What to do: From the line containing "That means the" down to the line containing "JORDAN&JUDY No-Drill Strong", copy out the entries below exactly, both lines included, and nothing else; pictures do not belong in the copy.
*** Data section Section Begins ***
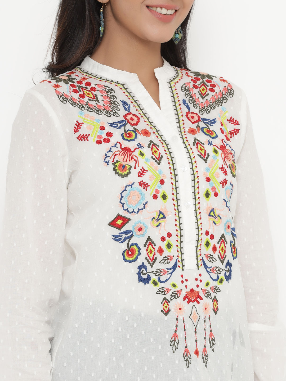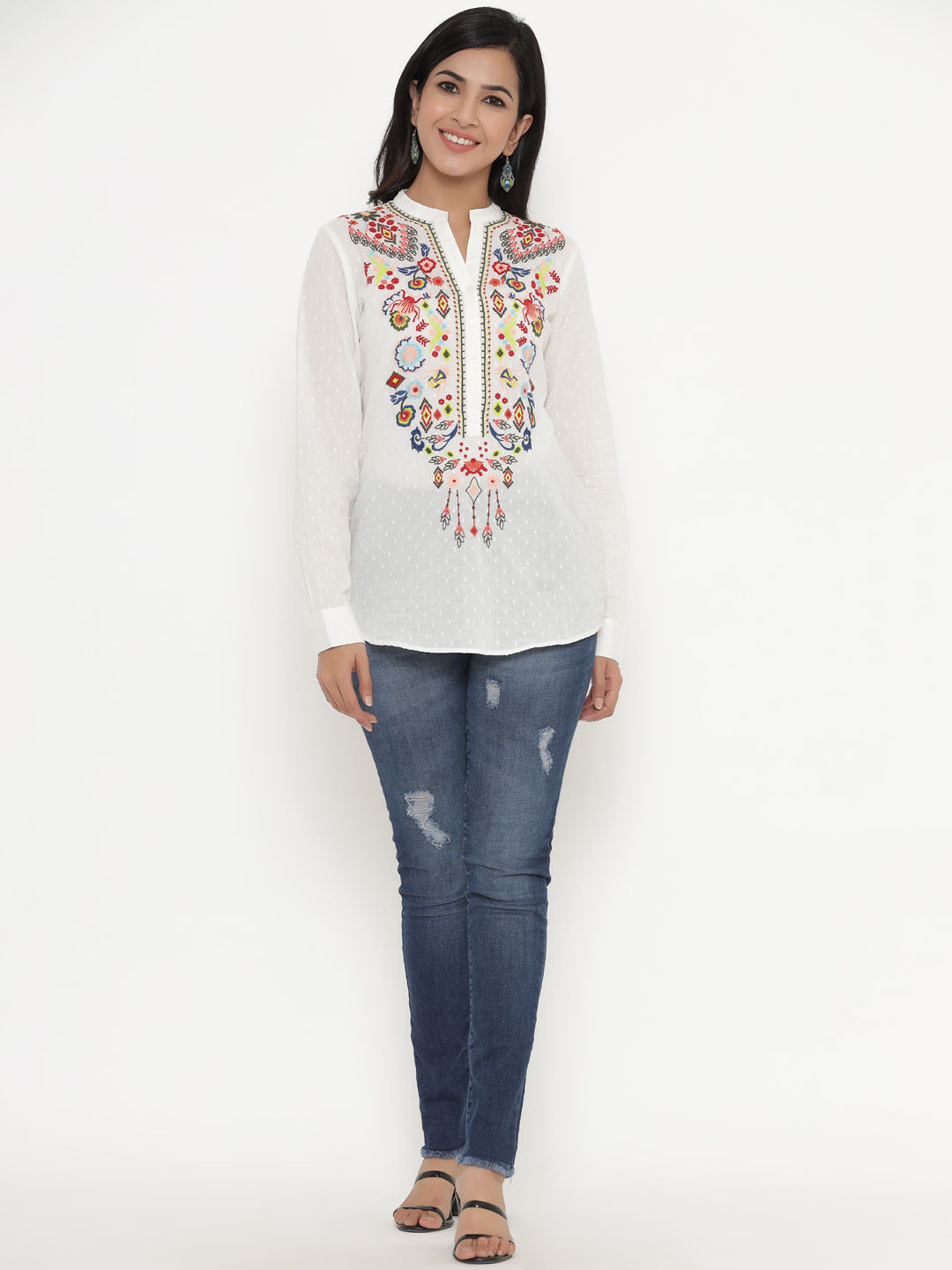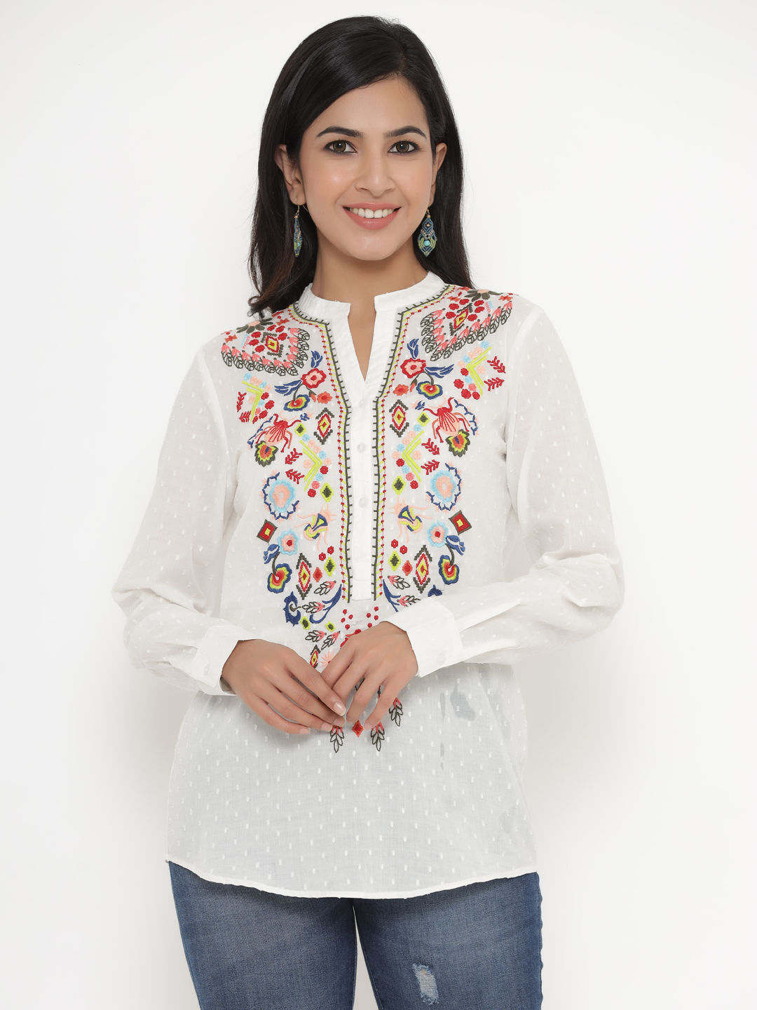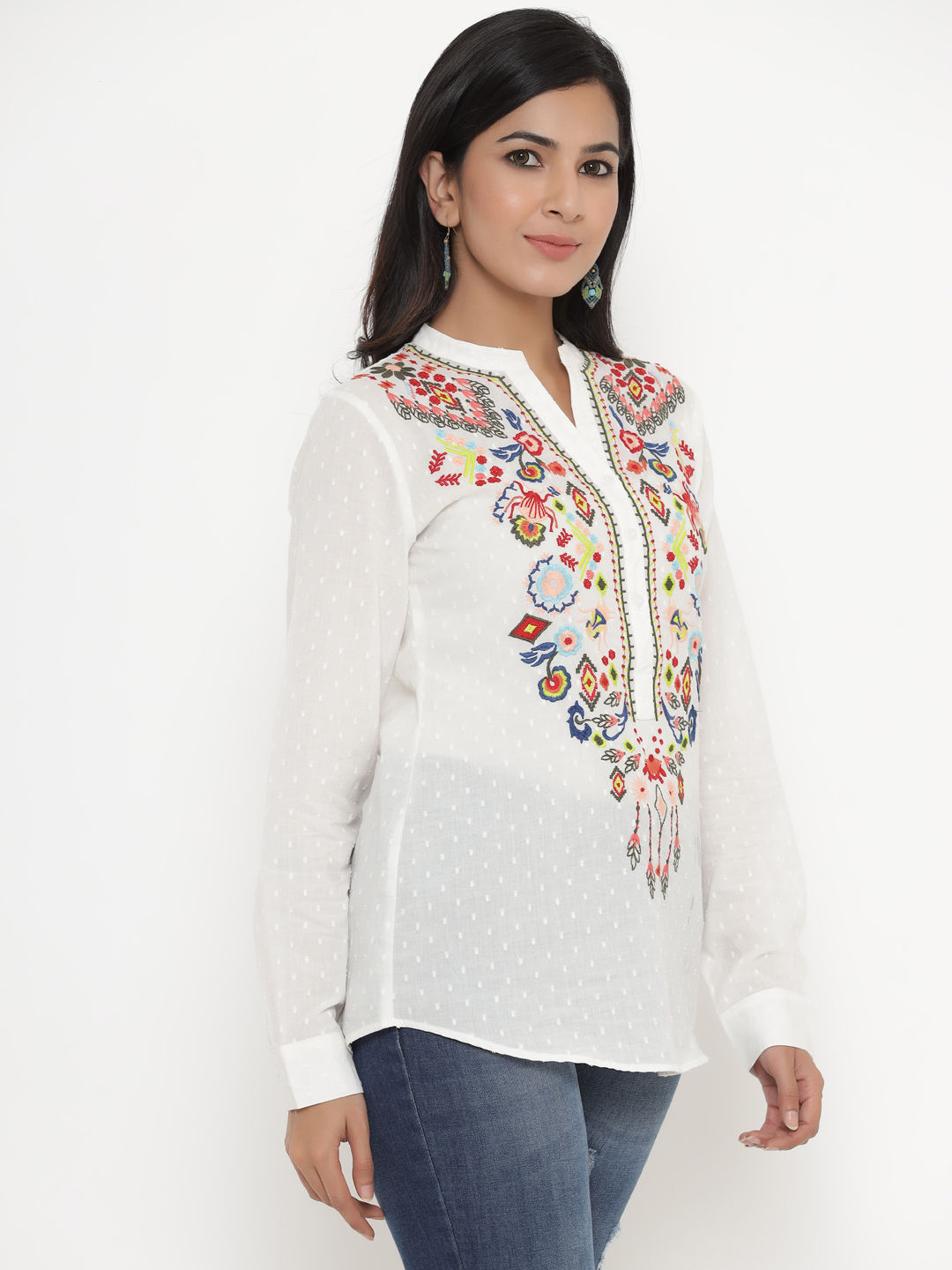 White and Off White color Tops and Shirts in Cotton fabric with Embroidered, Resham, Thread work
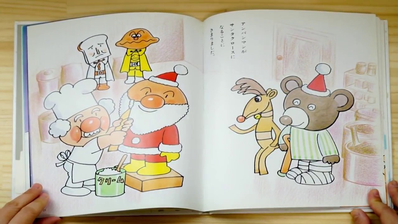 アンパンマンのサンタクロースの絵本赤鼻のトナカイとくまのサンタクロースの物語。
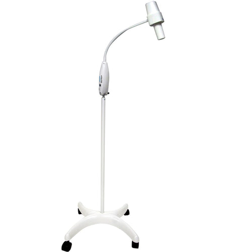 The floorstand model consisted of a 4-wheeled base, with locking features on 2 out of the 4 wheels.This portable spotlight allows caregivers to easily transfer this light from room to room, or around large space, without sacrificing power or brightness.
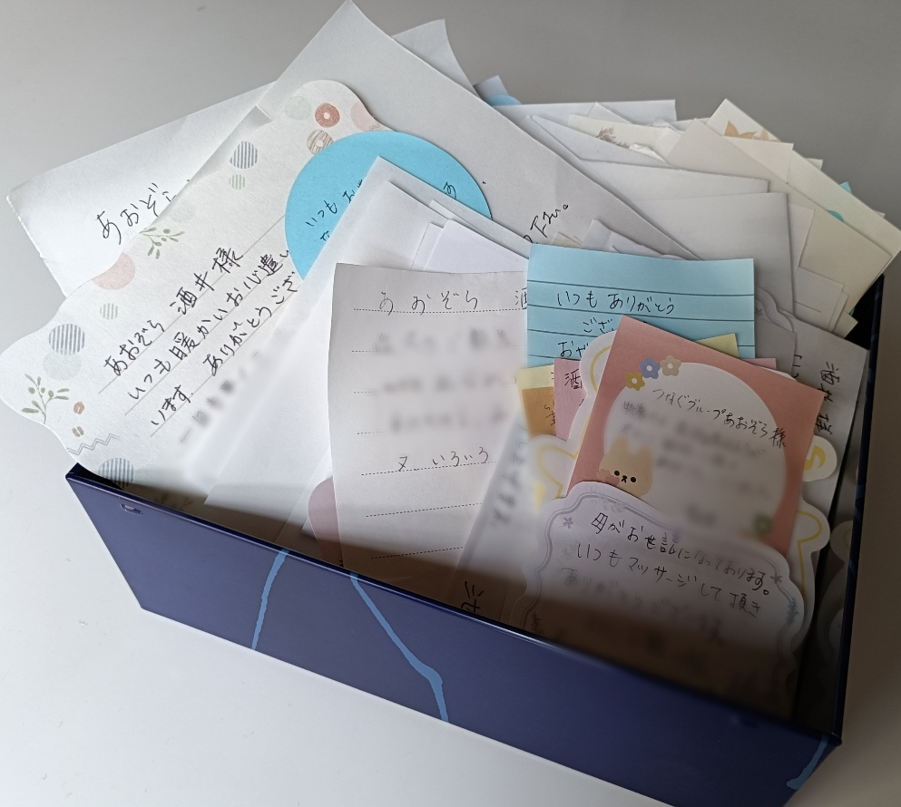 今も温かいメッセージをいただくことも沢山あります(*’▽’)この沢山のお手紙が、あおぞらにとっての大切な宝物です。
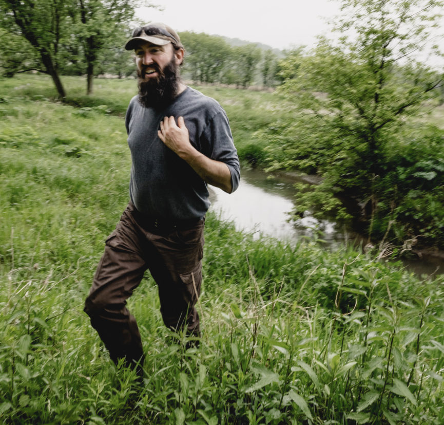 That means the pigs have a more complex gastrointestinal tract, so there is a greater difference between the live weight of a pig at Enos Farms and the amount of meat at slaughter. Yet the Crooks Lynches say they still come out way ahead environmentally because they have significantly fewer inputs. Most of the pigs’ time is spent roaming the wooded hills of Enos Farms foraging for whatever interests them. “We never have to worry about poison ivy around the farm,” Jeremy says. “Every time I let the pigs into a different section of the land, the first thing they do is munch the poison ivy to the ground. They absolutely love it, and have no reaction to the oil that irritates humans. And once the ivy is gone, they forage acorns, burdock, and all sorts of other things growing out there on their own.”
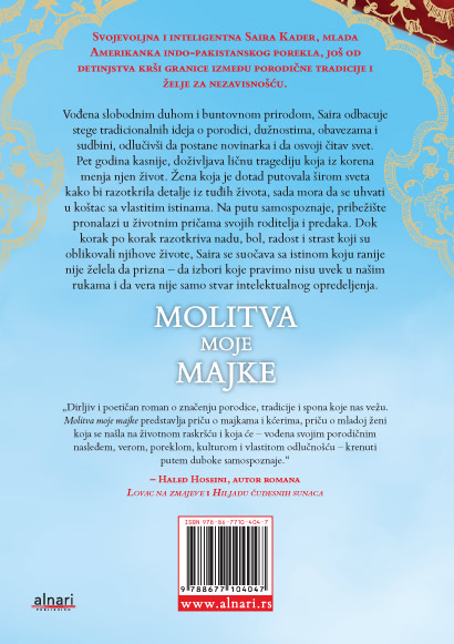 „Dirljiv i poetičan roman o značenju porodice, tradicije i spona koje nas vežu. Molitva moje majke predstavlja priču o majkama i kćerima, priču o mladoj ženi koja se našla na životnom raskršću i koja će – vođena svojim porodičnim nasleđem, verom, poreklom, kulturom i vlastitom odlučnošću – krenuti putem duboke samospoznaje.“
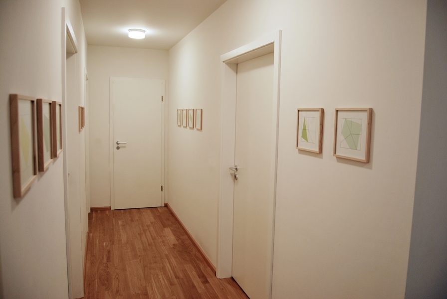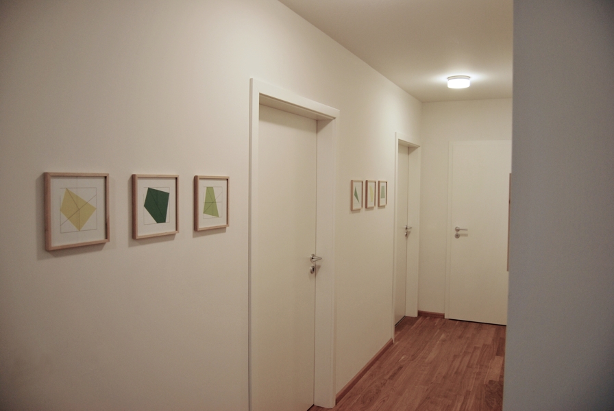 Installation (Wandmalerei, Schnur, Nägel, 120 x 120 cm oder Graphik 21 x 21 cm,
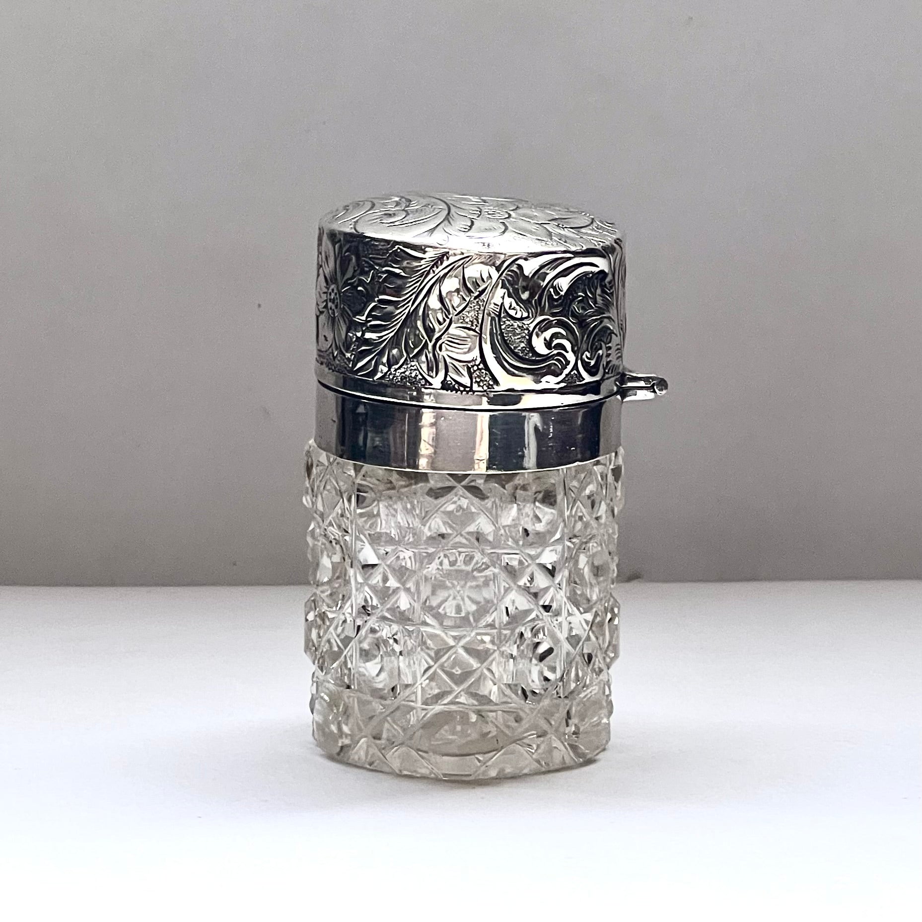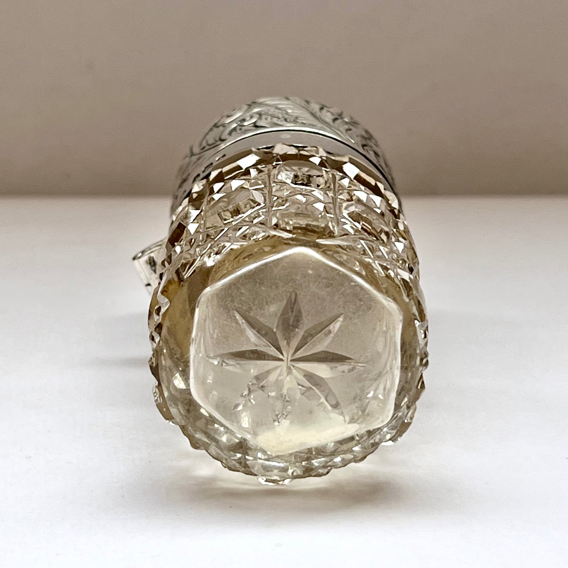Antique Edwardian cut glass and sterling silver scent bottle, London 1910
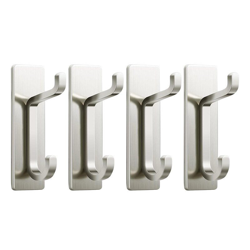 JORDAN&JUDY No-Drill Strong Adhesive Hooks, 4-Pack, Stainless Steel, Damage-Free, Over-Door Storage, Silver
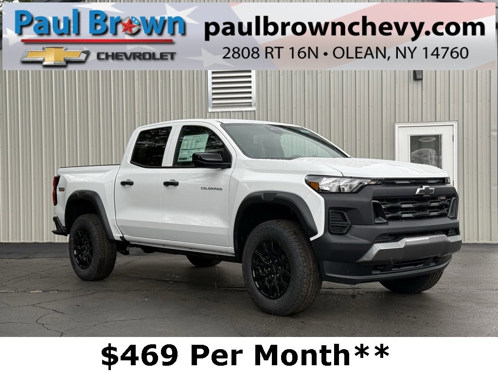Our For The People Pricing means ZERO price increases at Paul Brown! 2026 Chevrolet Colorado Trail Boss 4D Crew Cab Summit White 2.7L I4 Turbocharged DOHC 16V LEV3-ULEV50 310hp 8-Speed Automatic 4WD **$469 Per month 36 month 30,000 total mile lease plan. $1,500 plus tax and First payment Due at signing. Lease Loyalty or Lease Conquest Rebate qualification needed, 4-Spoke Wrapped Steering Wheel, 8-Way Power Driver Seat Adjuster, Apple CarPlay/Android Auto, Driver & Front Passenger Heated Seats, Emergency communication system: OnStar, Evotex Seat Trim, Following Distance Indicator, Forward Collision Alert, Front dual zone A/C, Front Pedestrian & Bicyclist Braking, Heated door mirrors, Heated Steering Wheel, Lane Keep Assist w/Lane Departure Warning, Low tire pressure warning, Navigation System, Power door mirrors, Power Driver Lumbar Control Seat Adjuster, Rear window defroster, Remote Vehicle Starter System, SiriusXM w/360L Trial Subscription, Trail Boss Convenience Package II, Wheels: 18 x 8.5 Black High Gloss Aluminum, Wireless Phone Charging. Final Price may require vehicle trade in and Paul Brown trade assistance , see website for details. For a hassle free purchase experience, reach out to the Sales team at Paul Brown Chevy at (716) 244-6077. Conveniently located on Route 16 North, Olean NY 14760. We are worth the trip! Travel from over 75 miles away and don't purchase we will supply you with $25 gas card! Paul Brown Chevy, A Dealer For the People!
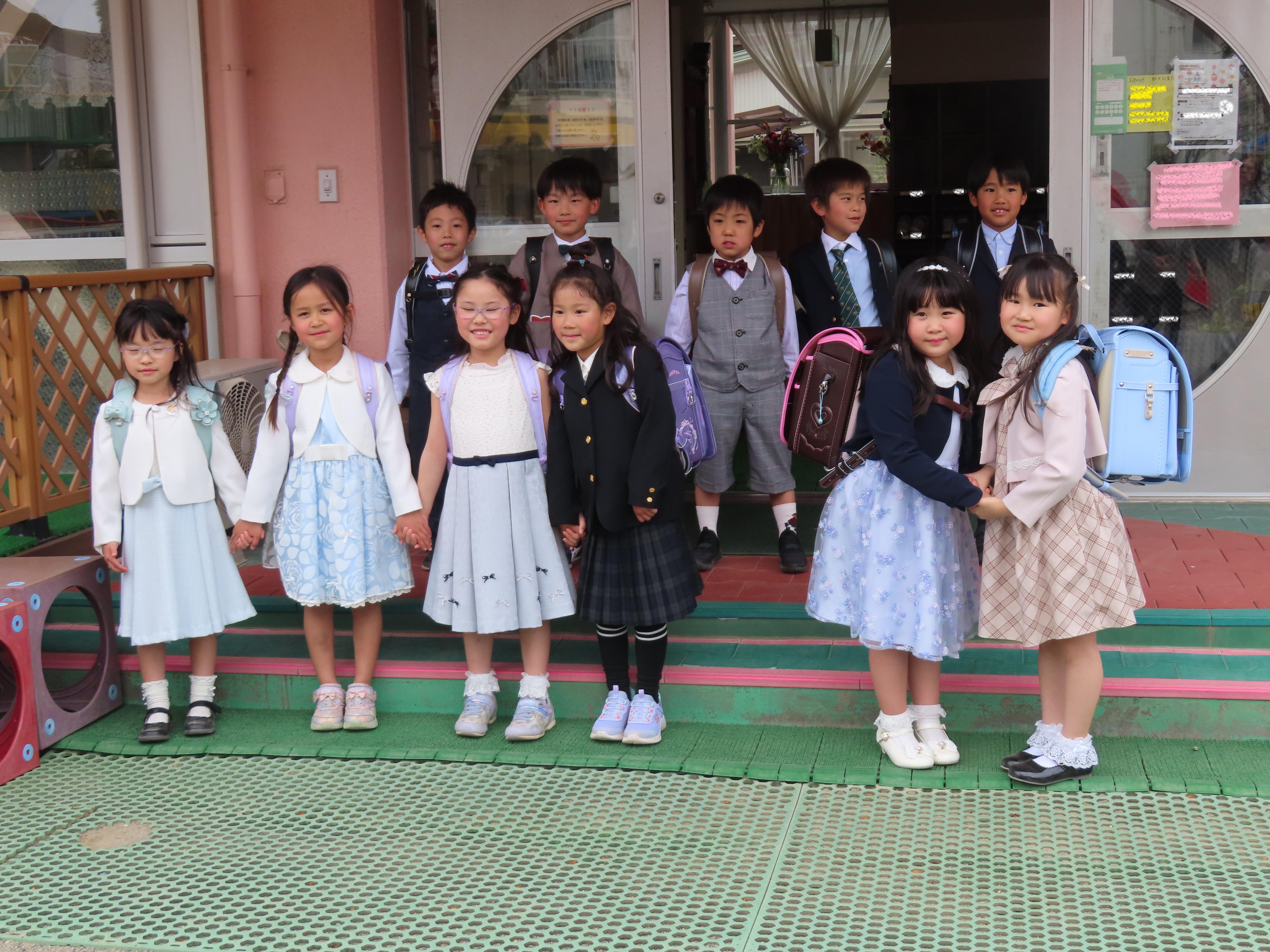 先月卒園した子ども達が小学校の入学式を終え、ランドセル姿を見せに遊びに来てくれました。久しぶりにみんなで顔を合わせ、嬉しそうにランドセルを見せ合い、笑顔いっぱいでした。楽しい小学校生活を過ごしてね!
*** Data section Section Ends ***
Exercise output:
 That means the pigs have a more complex gastrointestinal tract, so there is a greater difference between the live weight of a pig at Enos Farms and the amount of meat at slaughter. Yet the Crooks Lynches say they still come out way ahead environmentally because they have significantly fewer inputs. Most of the pigs’ time is spent roaming the wooded hills of Enos Farms foraging for whatever interests them. “We never have to worry about poison ivy around the farm,” Jeremy says. “Every time I let the pigs into a different section of the land, the first thing they do is munch the poison ivy to the ground. They absolutely love it, and have no reaction to the oil that irritates humans. And once the ivy is gone, they forage acorns, burdock, and all sorts of other things growing out there on their own.”
 „Dirljiv i poetičan roman o značenju porodice, tradicije i spona koje nas vežu. Molitva moje majke predstavlja priču o majkama i kćerima, priču o mladoj ženi koja se našla na životnom raskršću i koja će – vođena svojim porodičnim nasleđem, verom, poreklom, kulturom i vlastitom odlučnošću – krenuti putem duboke samospoznaje.“
 Installation (Wandmalerei, Schnur, Nägel, 120 x 120 cm oder Graphik 21 x 21 cm,
Antique Edwardian cut glass and sterling silver scent bottle, London 1910
 JORDAN&JUDY No-Drill Strong Adhesive Hooks, 4-Pack, Stainless Steel, Damage-Free, Over-Door Storage, Silver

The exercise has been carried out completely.